*WORK INSTRUCTION*
Copy all lines below exactly as written. Leave pictures out.

Stored dataset items:
___
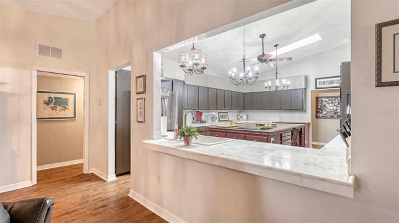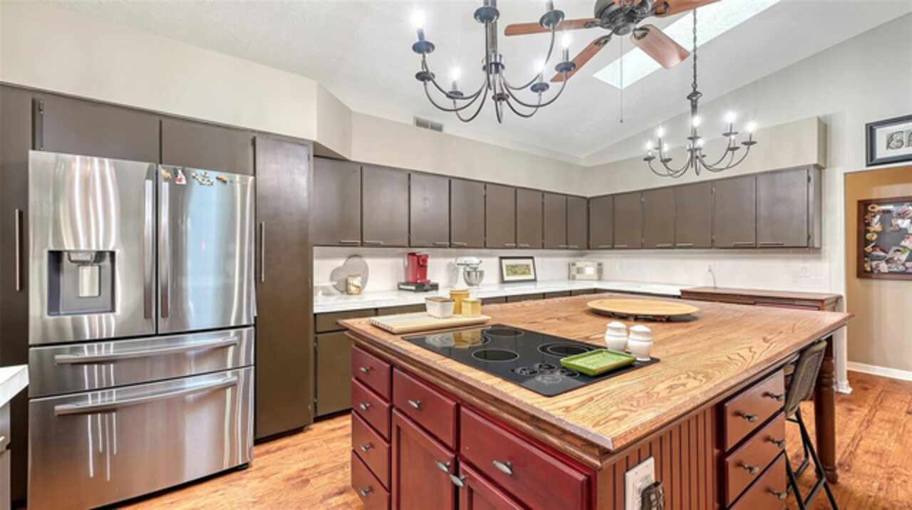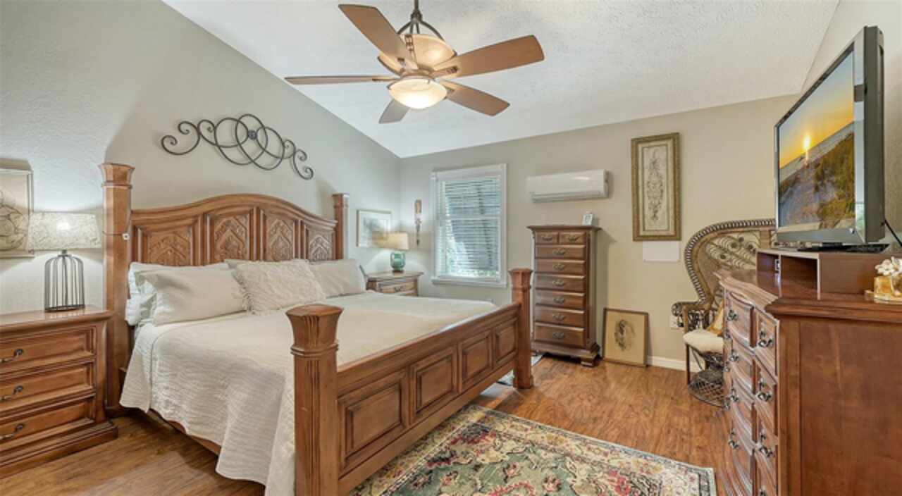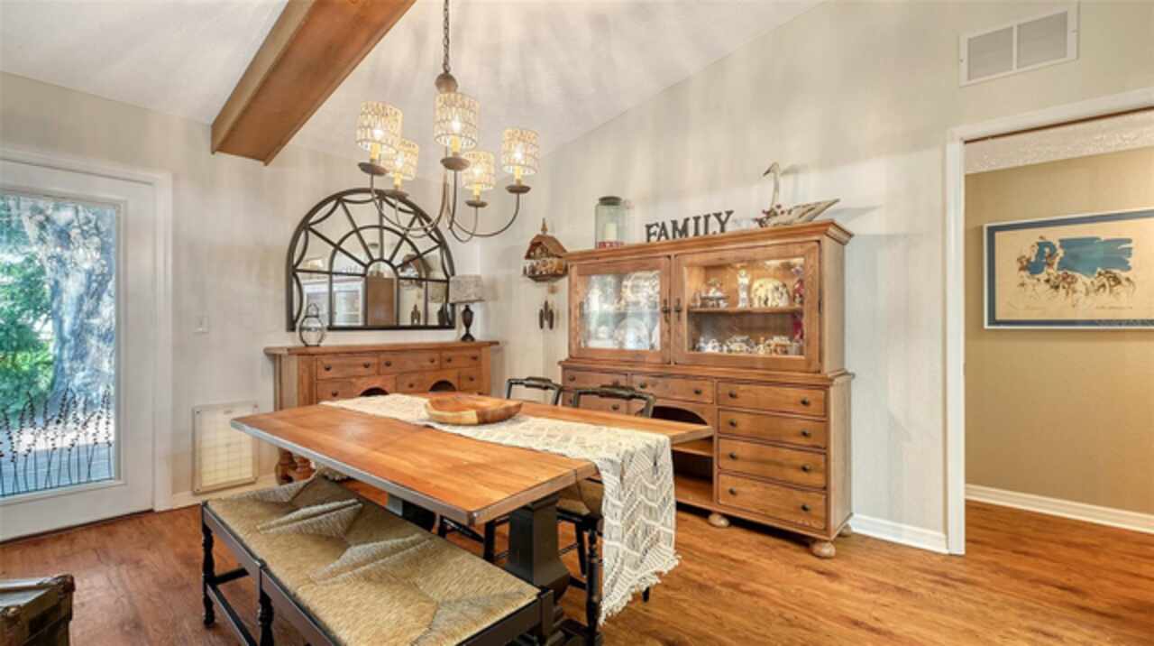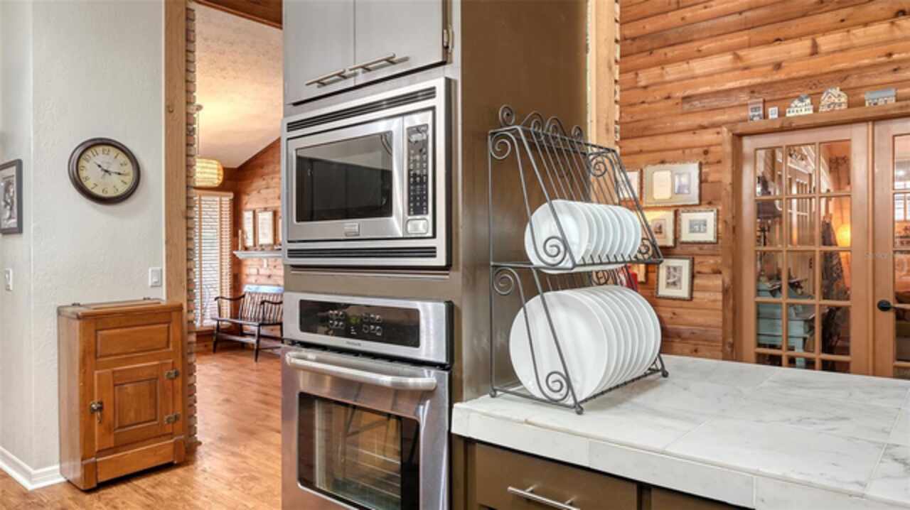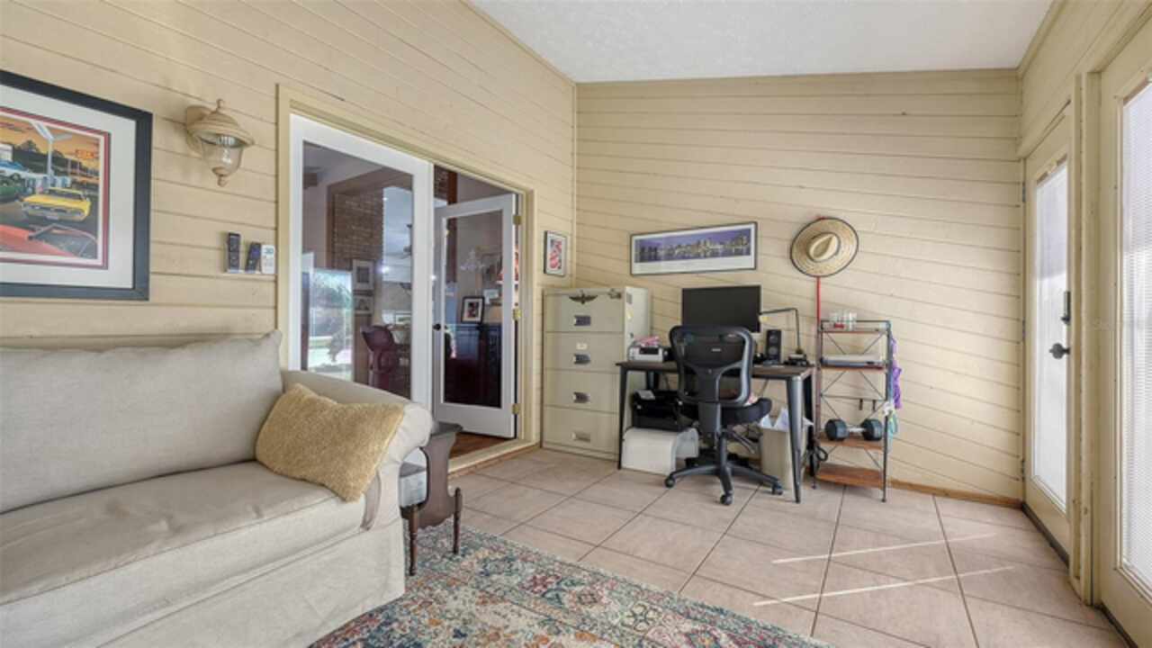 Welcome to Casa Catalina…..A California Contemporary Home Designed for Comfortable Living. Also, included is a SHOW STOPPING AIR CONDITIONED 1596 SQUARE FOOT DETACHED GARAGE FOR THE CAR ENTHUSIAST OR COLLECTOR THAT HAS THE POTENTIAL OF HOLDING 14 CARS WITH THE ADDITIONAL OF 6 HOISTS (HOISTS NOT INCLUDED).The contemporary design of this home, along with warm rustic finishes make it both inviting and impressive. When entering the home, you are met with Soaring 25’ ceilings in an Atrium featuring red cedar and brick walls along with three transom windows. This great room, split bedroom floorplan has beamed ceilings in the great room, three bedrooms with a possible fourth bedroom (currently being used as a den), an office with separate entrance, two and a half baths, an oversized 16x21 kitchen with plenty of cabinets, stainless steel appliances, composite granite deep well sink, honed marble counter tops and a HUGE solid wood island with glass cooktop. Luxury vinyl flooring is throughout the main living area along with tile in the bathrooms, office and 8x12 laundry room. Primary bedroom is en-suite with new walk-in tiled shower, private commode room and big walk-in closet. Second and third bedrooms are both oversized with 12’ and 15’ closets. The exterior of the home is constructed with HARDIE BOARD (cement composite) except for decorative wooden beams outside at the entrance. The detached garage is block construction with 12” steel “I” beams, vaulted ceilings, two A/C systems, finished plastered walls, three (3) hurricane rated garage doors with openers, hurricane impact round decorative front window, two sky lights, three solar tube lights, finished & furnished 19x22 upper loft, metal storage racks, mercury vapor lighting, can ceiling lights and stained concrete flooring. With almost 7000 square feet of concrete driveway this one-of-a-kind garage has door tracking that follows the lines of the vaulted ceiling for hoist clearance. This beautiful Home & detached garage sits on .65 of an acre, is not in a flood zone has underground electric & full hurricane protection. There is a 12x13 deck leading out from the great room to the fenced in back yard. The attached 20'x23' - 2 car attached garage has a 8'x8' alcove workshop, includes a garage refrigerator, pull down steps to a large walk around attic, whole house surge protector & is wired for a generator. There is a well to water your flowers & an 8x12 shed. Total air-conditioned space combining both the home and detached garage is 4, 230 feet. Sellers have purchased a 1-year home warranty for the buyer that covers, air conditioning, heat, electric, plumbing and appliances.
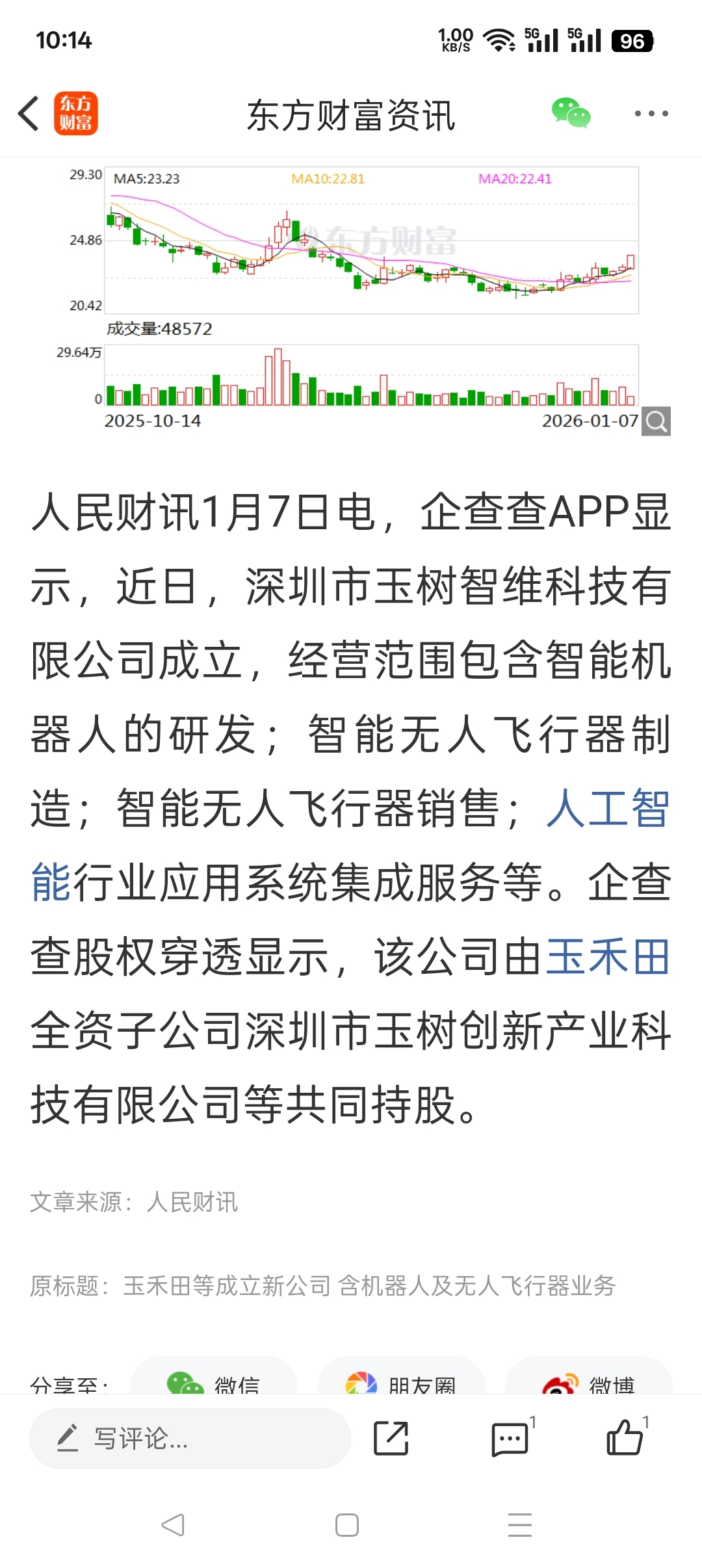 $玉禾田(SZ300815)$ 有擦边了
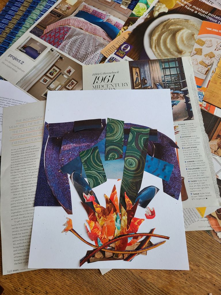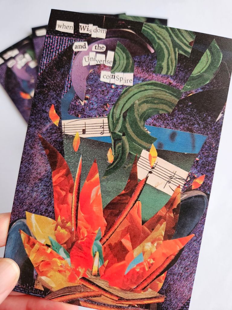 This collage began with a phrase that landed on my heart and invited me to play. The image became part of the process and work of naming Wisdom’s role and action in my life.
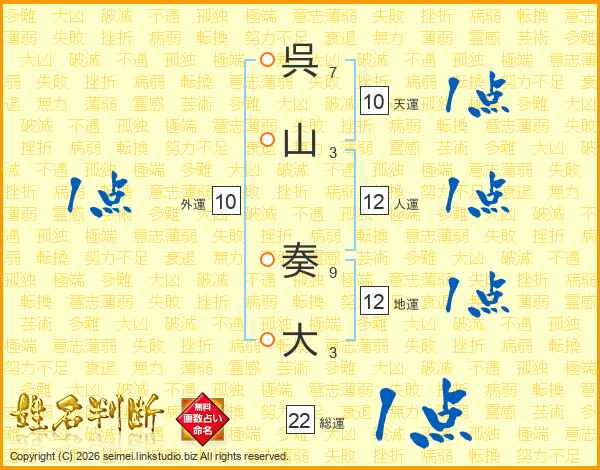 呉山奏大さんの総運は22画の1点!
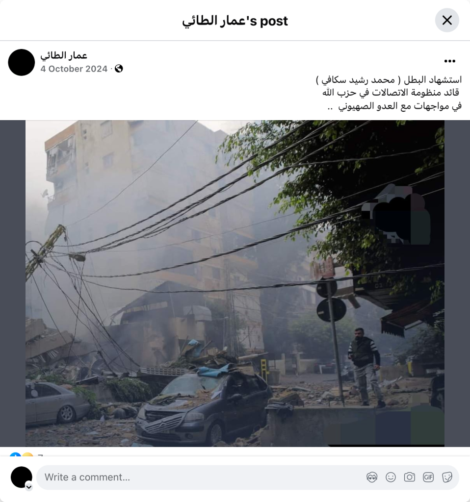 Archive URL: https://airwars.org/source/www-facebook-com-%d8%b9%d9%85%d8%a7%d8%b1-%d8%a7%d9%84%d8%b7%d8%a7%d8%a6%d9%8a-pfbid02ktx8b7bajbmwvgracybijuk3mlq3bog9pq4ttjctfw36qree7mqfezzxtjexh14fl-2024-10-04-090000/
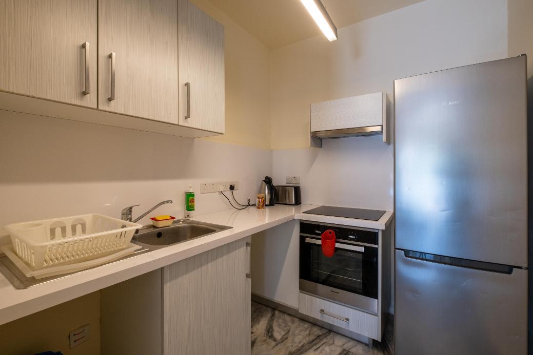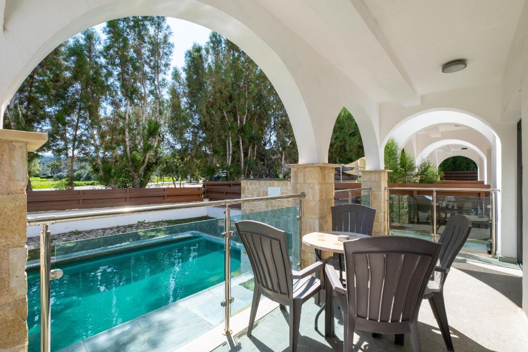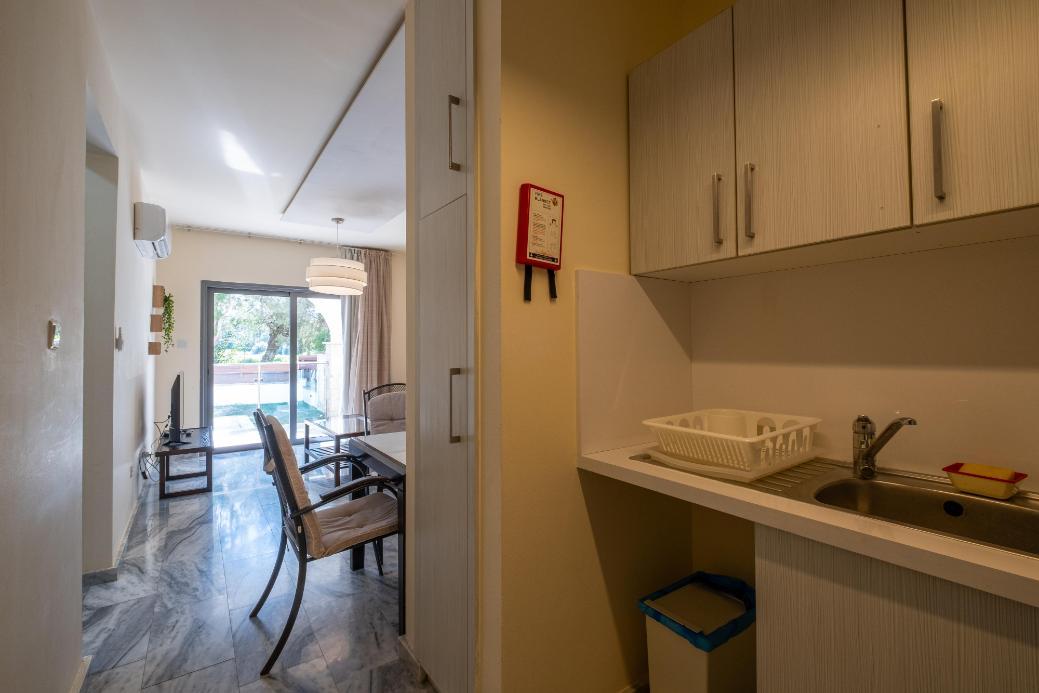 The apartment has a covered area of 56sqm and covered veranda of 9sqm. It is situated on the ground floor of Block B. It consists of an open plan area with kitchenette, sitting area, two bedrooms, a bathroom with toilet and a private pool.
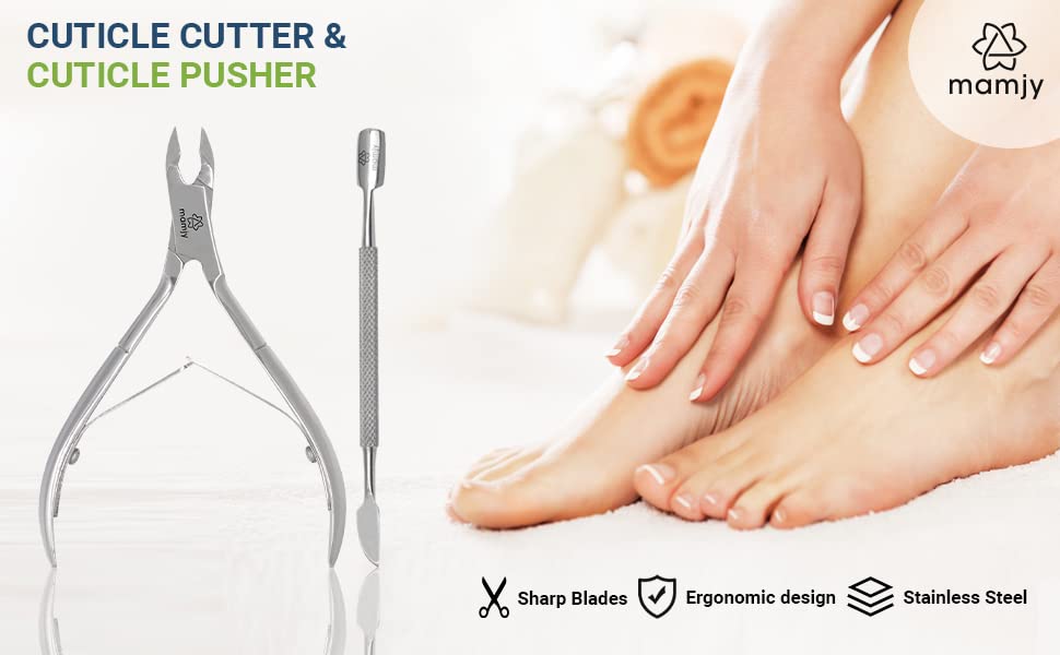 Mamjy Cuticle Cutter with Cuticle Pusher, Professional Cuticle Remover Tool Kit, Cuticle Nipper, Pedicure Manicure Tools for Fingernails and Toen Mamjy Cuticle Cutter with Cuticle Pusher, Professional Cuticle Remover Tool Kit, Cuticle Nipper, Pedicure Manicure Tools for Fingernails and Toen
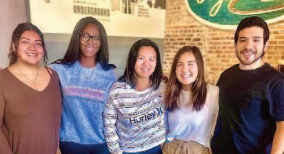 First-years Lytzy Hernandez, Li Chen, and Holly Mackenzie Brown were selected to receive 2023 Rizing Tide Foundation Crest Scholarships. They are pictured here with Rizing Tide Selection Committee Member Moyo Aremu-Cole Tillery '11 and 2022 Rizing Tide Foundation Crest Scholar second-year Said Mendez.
___
*PROBLEM SOLUTION*
 Welcome to Casa Catalina…..A California Contemporary Home Designed for Comfortable Living. Also, included is a SHOW STOPPING AIR CONDITIONED 1596 SQUARE FOOT DETACHED GARAGE FOR THE CAR ENTHUSIAST OR COLLECTOR THAT HAS THE POTENTIAL OF HOLDING 14 CARS WITH THE ADDITIONAL OF 6 HOISTS (HOISTS NOT INCLUDED).The contemporary design of this home, along with warm rustic finishes make it both inviting and impressive. When entering the home, you are met with Soaring 25’ ceilings in an Atrium featuring red cedar and brick walls along with three transom windows. This great room, split bedroom floorplan has beamed ceilings in the great room, three bedrooms with a possible fourth bedroom (currently being used as a den), an office with separate entrance, two and a half baths, an oversized 16x21 kitchen with plenty of cabinets, stainless steel appliances, composite granite deep well sink, honed marble counter tops and a HUGE solid wood island with glass cooktop. Luxury vinyl flooring is throughout the main living area along with tile in the bathrooms, office and 8x12 laundry room. Primary bedroom is en-suite with new walk-in tiled shower, private commode room and big walk-in closet. Second and third bedrooms are both oversized with 12’ and 15’ closets. The exterior of the home is constructed with HARDIE BOARD (cement composite) except for decorative wooden beams outside at the entrance. The detached garage is block construction with 12” steel “I” beams, vaulted ceilings, two A/C systems, finished plastered walls, three (3) hurricane rated garage doors with openers, hurricane impact round decorative front window, two sky lights, three solar tube lights, finished & furnished 19x22 upper loft, metal storage racks, mercury vapor lighting, can ceiling lights and stained concrete flooring. With almost 7000 square feet of concrete driveway this one-of-a-kind garage has door tracking that follows the lines of the vaulted ceiling for hoist clearance. This beautiful Home & detached garage sits on .65 of an acre, is not in a flood zone has underground electric & full hurricane protection. There is a 12x13 deck leading out from the great room to the fenced in back yard. The attached 20'x23' - 2 car attached garage has a 8'x8' alcove workshop, includes a garage refrigerator, pull down steps to a large walk around attic, whole house surge protector & is wired for a generator. There is a well to water your flowers & an 8x12 shed. Total air-conditioned space combining both the home and detached garage is 4, 230 feet. Sellers have purchased a 1-year home warranty for the buyer that covers, air conditioning, heat, electric, plumbing and appliances.
 $玉禾田(SZ300815)$ 有擦边了
 This collage began with a phrase that landed on my heart and invited me to play. The image became part of the process and work of naming Wisdom’s role and action in my life.
 呉山奏大さんの総運は22画の1点!
 Archive URL: https://airwars.org/source/www-facebook-com-%d8%b9%d9%85%d8%a7%d8%b1-%d8%a7%d9%84%d8%b7%d8%a7%d8%a6%d9%8a-pfbid02ktx8b7bajbmwvgracybijuk3mlq3bog9pq4ttjctfw36qree7mqfezzxtjexh14fl-2024-10-04-090000/
 The apartment has a covered area of 56sqm and covered veranda of 9sqm. It is situated on the ground floor of Block B. It consists of an open plan area with kitchenette, sitting area, two bedrooms, a bathroom with toilet and a private pool.
 Mamjy Cuticle Cutter with Cuticle Pusher, Professional Cuticle Remover Tool Kit, Cuticle Nipper, Pedicure Manicure Tools for Fingernails and Toen Mamjy Cuticle Cutter with Cuticle Pusher, Professional Cuticle Remover Tool Kit, Cuticle Nipper, Pedicure Manicure Tools for Fingernails and Toen
 First-years Lytzy Hernandez, Li Chen, and Holly Mackenzie Brown were selected to receive 2023 Rizing Tide Foundation Crest Scholarships. They are pictured here with Rizing Tide Selection Committee Member Moyo Aremu-Cole Tillery '11 and 2022 Rizing Tide Foundation Crest Scholar second-year Said Mendez.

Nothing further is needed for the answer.